Wrangell Saint Elias National Park

Wrangell-Saint Elias National Park is located in the southeastern part of Alaska, extending from the Gulf of Alaska, along the border of Canada’s Yukon Territory; first established as a national monument in the year 1978, then as a national park in the year 1980.  This is one of the biggest and largest contained areas for the United States National Park System and contains a wilderness area at the convergence of the Wrangell, Chugach, and Saint Elias mountain ranges.

The park contains the country’s largest collection of glaciers and some of its tallest peaks, including Mount Saint Elias, 18,008 feet high, the second highest mountain in the United States.  This area of Alaska and the park is abundant in wildlife and flowing rivers.
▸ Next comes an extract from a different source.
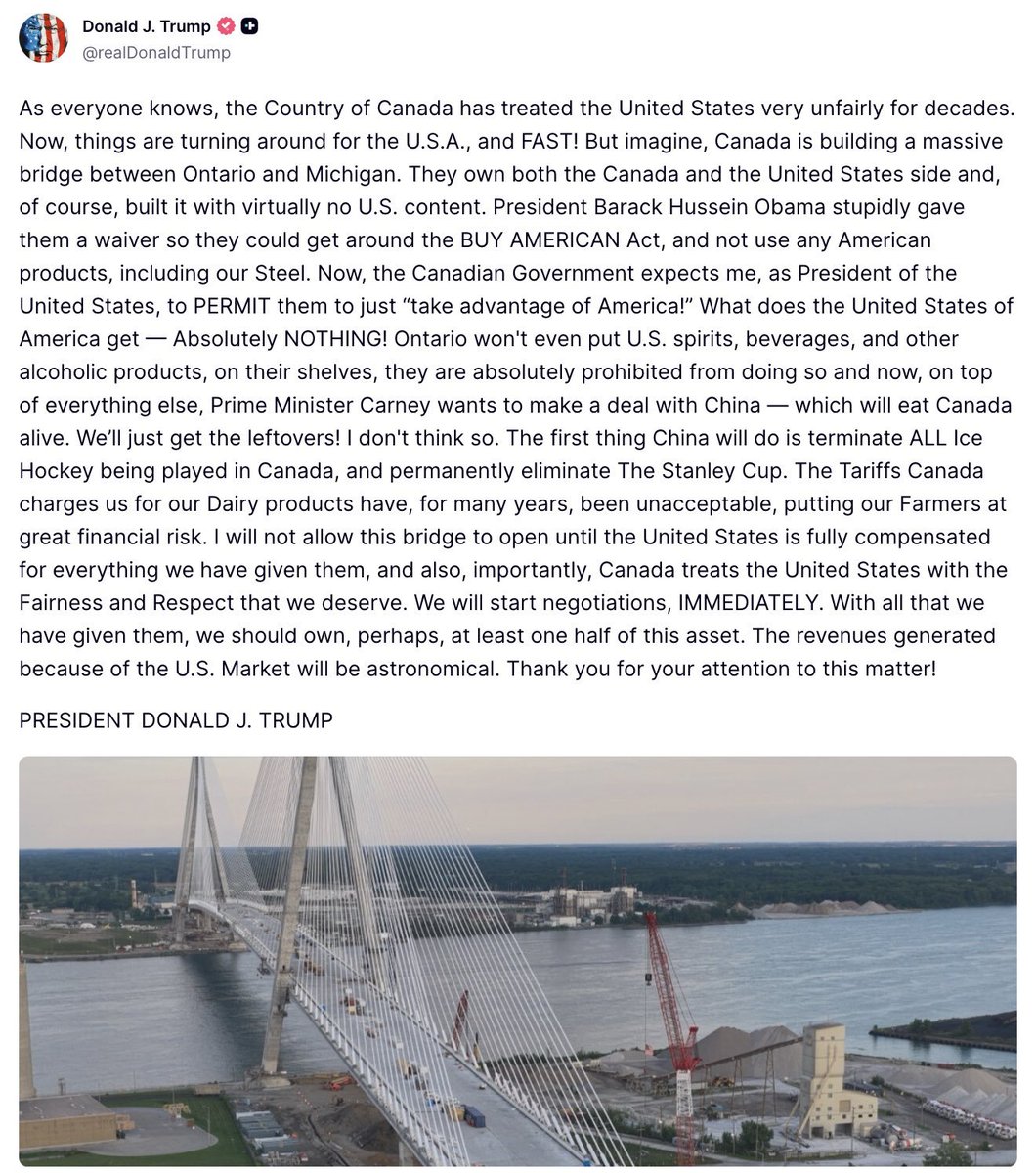 "Я не позволю открыть этот мост, пока США не получат полную компенсацию за все, что мы им предоставили, а также, что немаловажно, Канада не будет относиться США со справедливостью и уважением, которых мы заслуживаем".

Wrangell - St. Elias contains nine million acres of wilderness in the true sense of the word. Yet, it is important to realize that humans are a significant part of this ecosystem. For millenia, the Ahtna, Eyak, Upper Tanana, and Tlingit people have and continue to use the natural resources here through traditional hunting, fishing and gathering. Miners penetrated the Wrangells near the turn of the century when the lure of gold became greater than the hazards of the Alaska Bush. Testimony to their presence can be found at historic places such as Kennecott, and the current operations at Gold Hill, near Chisana. Settlers and pioneers arrived on the coattails of the gold rush and remnant structures from that era can be found throughout much of the Park and Preserve.

St. Elias National Park and Preserve, the largest national park in the United States. When coupled with our Canadian neighbors, Kluane National Park and Tatshenshini-Alsek Park, and with Glacier Bay National Park to the south, this is one of the largest protected areas in the world. This combined area has been recognized as a World Heritage Site. Here you can see and experience natural systems at work: glaciers the size of whole states grind toward pristine coasts; young rivers thick with glacial milk braid new channels; caribou herds migrate to ancient calving grounds and fend against their natural predators; and volcanoes sputter and steam - a reminder that nature hasn't yet finished changing this land.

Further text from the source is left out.